Wednesday, May 26

Becoming Real: Words with Villagers

. Wednesday, May 26

Whenever a band split up there is a sense of loss but imagine how it must feel if it’s your own band which you started aged thirteen and was all that you knew of life. This was the situation facing Conor O’Brien , the man currently plying his trade as Villagers. He and his friends started The Immediate, from their school classroom and went on to achieve success, touring Ireland and Europe before drifting apart and splitting in 2006. Waking up the morning after, a bleary eyed Conor took his first steps towards what we see today. “When we broke up I got very drunk. I woke up the next morning at 6am with a horrible headache and wrote a song that sort of kick started everything for me.” He says sitting across from a small table in a London bar.

From small drunken aftermaths come great things however and now Conor finds himself about to release his debut album ‘Becoming a Jackal’, an album that has already topped his native Irelands charts. A musical talent since his youth, Conor describes his first forays into making sound as “Being about four and watching the film American Tail and crying at the end of it but singing all the songs for about two years afterwards.” Eventually his brother gave me his old guitar and taught him some chords and he’s been writing songs ever since. The result of years of song writing is ‘Becoming A Jackal’ an album of intimate exploration and creeping self doubt tempered with a romantic lust for beauty and beguiling sense of imagery. Unsurprisingly the album was written and recorded in stark isolation, “I have a house that I live in with seven other people and we’re basically like the caretakers of the house. Whenever I got off tour (Conor spent time on the road as folk singer Cathy Davey’s guitarist) I’d just lock myself away and write as many songs as I could. I’d written songs with my band since I was about fourteen so when it ended it was a pretty big deal. I’d never written with anyone else so that was something I had to get used to pretty quickly.”

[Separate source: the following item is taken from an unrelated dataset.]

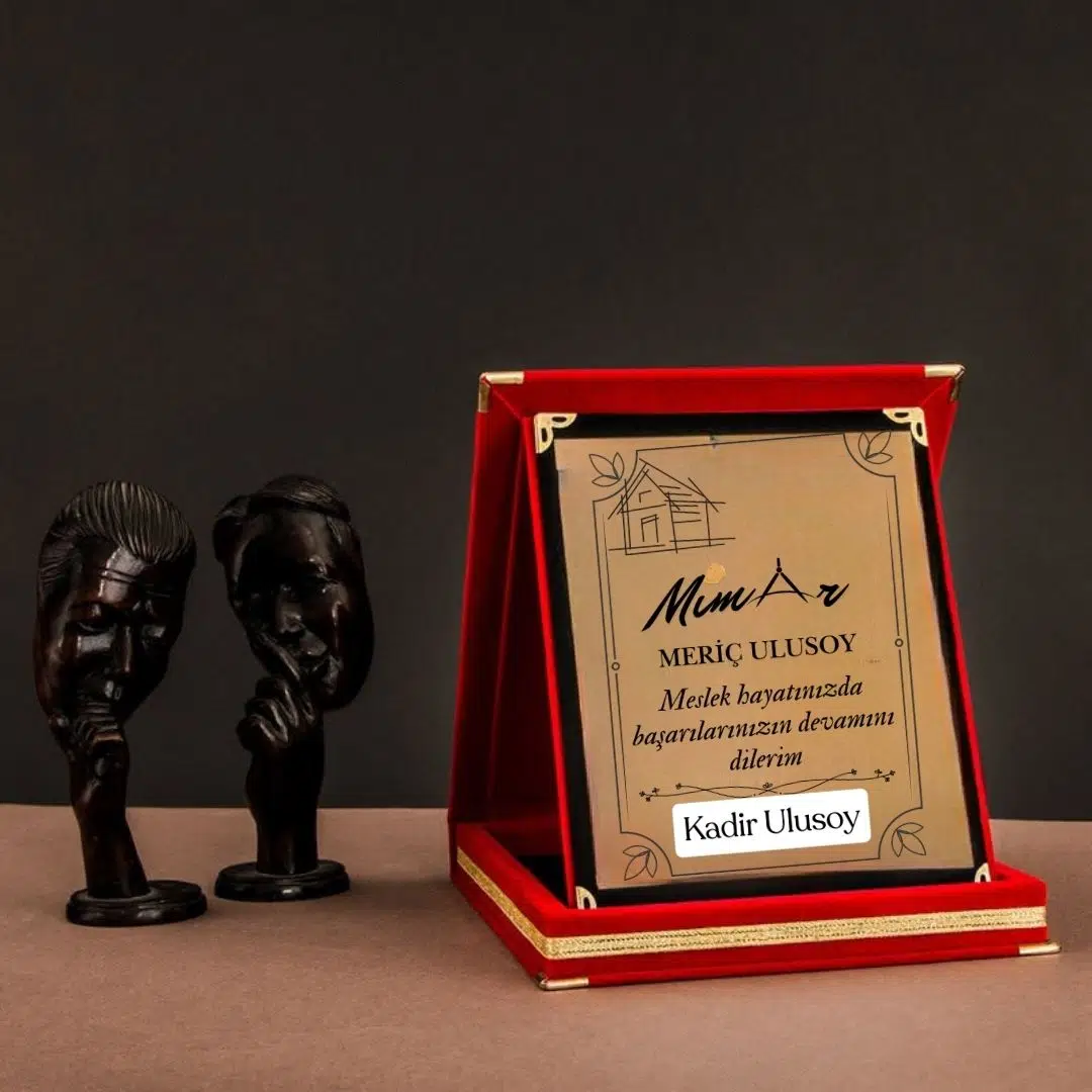 Bir mimara en özel ve kalıcı hediyeyi mi arıyorsunuz? Mimarlık mesleğinin inceliğini ve yaratıcılığını yansıtan bu kişiye özel plaket ile meslek hayatının en önemli anlarını onurlandırın. İster ofis açılışı, ister terfi ya da mezuniyet gibi özel bir gün olsun, bu plaket her zaman hatırlanacak anlamlı bir armağan olacaktır.

Get used to it he did and soon enough Conor found himself with enough songs to record Villagers debut album ‘Becoming A Jackal’ in Donegal, Ireland. “I chose to call the album ‘Becoming A Jackal’ because it seemed to me that the songs deal with a sense of change and growth and I wanted to represent that in an almost grotesque way.” Signed to Domino records and with total creative freedom Conor and his band decamped to a home studio in the Irish countryside to lay down the tracks for what is set to be one of the biggest breakthrough albums of 2010. Speaking of the album recording Conor says, “A lot of the time when I’m writing it’s figuring out how to best present an idea. No two of my songs seem to come from the same place so it was important to have the songs written before we started recording anything.

To say that Villagers music is sourced from a variety of Conor’s thoughts is no understatement. Where many bands plunder the treasure chests of their love lives or tales of a Saturday night, Villagers operate on a higher plane. “The song ‘Becoming a Jackal’ started out as a drawing so no words or music. I’ve been drawing ever since I can remember and it’s something that’s really important to me. The sketch I did for ‘Becoming a Jackal’ was based on the painting Narcissist my Caravaggio. I loved it so much and wanted to do my own version only one where the reflection was of a scavenger creature.” The resulting song and indeed album display this cerebral approach to song writing pinned down by a soaring sense of emotion and passion.

Having gone solo, written and produced his album and with plans to sketch and design all of Villagers artwork and merchandise might Conor be something of a control freak? Not if Gigwise’s hour spent with him is anything to go by. Charming and eloquent he speaks of a respect and admiration for fellow singer/ songwriters such as Jeffrey Lewis and Daniel Johston with the excitement and reverence of a typical music geek. It is when he discusses the future of Villagers however that some light is shed, “I really want the show to be as big as possible. I love playing the club shows but I think this music suits the larger stages and when we play them it really ups our game” he says excitedly

Never mind becoming jackals, Villagers are on their way to becoming this years most unlikely super stars.